19F 1D spectra of UA-12mer (a), GUCA-12mer (b, left), and GC-14mer (b, right) in the presence of varying concentrations of the E348Q variant of DDX3X in the ATP-bound form are shown. The experimentally obtained spectra are shown as navy lines, and deconvoluted lines of dsRNA (blue), ssRNA (turquoise), and bound (orange-red) signals are overlayed. The 19F NMR spectra of control ssRNA for GUCA-12mer and GC-14mer are shown below. Duplex stability (ΔGo) at 30 °C (for UA-12mer) or 35 °C (for GUCA-12mer and GC-14mer) was estimated by using nearest-neighbor parameters in 1 M NaCl49,50. All NMR measurements were performed at 30 °C (for UA-12mer) or 35 °C (GUCA-12mer and GC-14mer), 600 MHz.
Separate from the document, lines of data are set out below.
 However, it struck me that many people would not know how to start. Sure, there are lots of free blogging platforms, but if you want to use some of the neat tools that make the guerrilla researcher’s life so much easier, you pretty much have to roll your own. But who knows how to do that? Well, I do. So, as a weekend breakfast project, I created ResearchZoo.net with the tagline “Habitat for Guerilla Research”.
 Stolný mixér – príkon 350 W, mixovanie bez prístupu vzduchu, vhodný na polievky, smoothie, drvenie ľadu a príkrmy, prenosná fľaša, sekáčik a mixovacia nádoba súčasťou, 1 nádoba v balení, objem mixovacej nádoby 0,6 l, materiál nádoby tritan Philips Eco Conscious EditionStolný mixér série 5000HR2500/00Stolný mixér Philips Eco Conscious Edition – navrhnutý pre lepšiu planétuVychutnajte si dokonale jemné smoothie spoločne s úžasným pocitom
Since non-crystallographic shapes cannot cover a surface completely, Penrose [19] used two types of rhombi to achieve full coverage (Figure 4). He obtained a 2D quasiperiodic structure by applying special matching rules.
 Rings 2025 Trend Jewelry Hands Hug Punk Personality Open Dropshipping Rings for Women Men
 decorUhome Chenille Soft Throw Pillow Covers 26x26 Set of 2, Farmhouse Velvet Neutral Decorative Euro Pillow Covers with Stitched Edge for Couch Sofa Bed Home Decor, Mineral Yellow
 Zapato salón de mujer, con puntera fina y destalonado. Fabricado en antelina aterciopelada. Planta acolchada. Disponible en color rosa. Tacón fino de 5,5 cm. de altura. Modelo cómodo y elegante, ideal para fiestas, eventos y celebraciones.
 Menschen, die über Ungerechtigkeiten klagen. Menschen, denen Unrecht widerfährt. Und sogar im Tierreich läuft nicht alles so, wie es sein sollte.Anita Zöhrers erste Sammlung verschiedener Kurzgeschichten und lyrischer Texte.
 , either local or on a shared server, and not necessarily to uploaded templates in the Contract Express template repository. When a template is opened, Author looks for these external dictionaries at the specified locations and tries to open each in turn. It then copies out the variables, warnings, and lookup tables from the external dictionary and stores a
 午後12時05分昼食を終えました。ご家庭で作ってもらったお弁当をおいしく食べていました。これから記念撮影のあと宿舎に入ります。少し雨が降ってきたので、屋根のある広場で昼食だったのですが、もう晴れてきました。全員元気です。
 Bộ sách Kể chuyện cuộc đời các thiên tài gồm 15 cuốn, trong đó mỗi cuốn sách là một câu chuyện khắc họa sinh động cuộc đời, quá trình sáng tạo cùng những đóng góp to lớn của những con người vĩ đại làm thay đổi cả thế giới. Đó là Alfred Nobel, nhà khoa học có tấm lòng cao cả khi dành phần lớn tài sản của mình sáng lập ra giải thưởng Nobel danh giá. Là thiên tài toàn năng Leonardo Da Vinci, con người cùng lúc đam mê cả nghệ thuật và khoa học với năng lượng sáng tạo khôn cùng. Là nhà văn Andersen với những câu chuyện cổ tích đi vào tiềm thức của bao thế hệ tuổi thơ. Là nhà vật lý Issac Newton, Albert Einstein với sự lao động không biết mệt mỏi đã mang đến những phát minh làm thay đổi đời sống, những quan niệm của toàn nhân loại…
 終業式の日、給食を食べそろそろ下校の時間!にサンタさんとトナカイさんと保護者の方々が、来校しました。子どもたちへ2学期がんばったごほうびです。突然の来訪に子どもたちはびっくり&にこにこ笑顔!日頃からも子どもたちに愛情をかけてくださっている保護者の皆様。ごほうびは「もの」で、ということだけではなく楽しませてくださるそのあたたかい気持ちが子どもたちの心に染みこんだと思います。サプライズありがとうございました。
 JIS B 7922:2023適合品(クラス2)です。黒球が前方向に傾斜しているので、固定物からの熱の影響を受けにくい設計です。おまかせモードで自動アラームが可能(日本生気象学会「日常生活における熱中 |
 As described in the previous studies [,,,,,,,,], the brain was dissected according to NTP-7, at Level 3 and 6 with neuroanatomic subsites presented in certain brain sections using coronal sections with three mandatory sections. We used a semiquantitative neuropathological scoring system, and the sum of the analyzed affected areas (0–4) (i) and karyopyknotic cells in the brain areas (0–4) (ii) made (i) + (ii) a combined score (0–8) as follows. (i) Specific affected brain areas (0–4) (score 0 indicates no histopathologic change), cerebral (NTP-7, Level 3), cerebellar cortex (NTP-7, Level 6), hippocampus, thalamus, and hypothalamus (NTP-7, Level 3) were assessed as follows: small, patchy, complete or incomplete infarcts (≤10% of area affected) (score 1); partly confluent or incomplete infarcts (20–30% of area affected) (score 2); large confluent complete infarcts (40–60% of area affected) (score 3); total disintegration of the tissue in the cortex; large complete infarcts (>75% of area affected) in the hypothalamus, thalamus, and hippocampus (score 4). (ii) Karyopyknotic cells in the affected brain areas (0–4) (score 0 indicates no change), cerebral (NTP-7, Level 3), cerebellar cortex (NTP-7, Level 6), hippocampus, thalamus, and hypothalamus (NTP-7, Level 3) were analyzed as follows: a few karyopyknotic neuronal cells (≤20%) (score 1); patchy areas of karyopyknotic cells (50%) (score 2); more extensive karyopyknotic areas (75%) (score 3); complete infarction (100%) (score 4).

RNA concentration was 100 μM (as a single strand). c Plots of the fractional populations of free dsRNA (blue), free ssRNA (turquoise), and bound ssRNA (orange-red) states as a function of DDX3X E348Q concentration. Lines represent the best-fit curves, and a 95% confidence interval of each fitted curve is contained within the thick line. The center of the error band represents the best-fit curve. The definition and best-fit value of the equilibrium constants are also displayed. d Cartoon representations of the interaction between each RNA ligand and DDX3X are shown. Source data are provided as a Source Data file.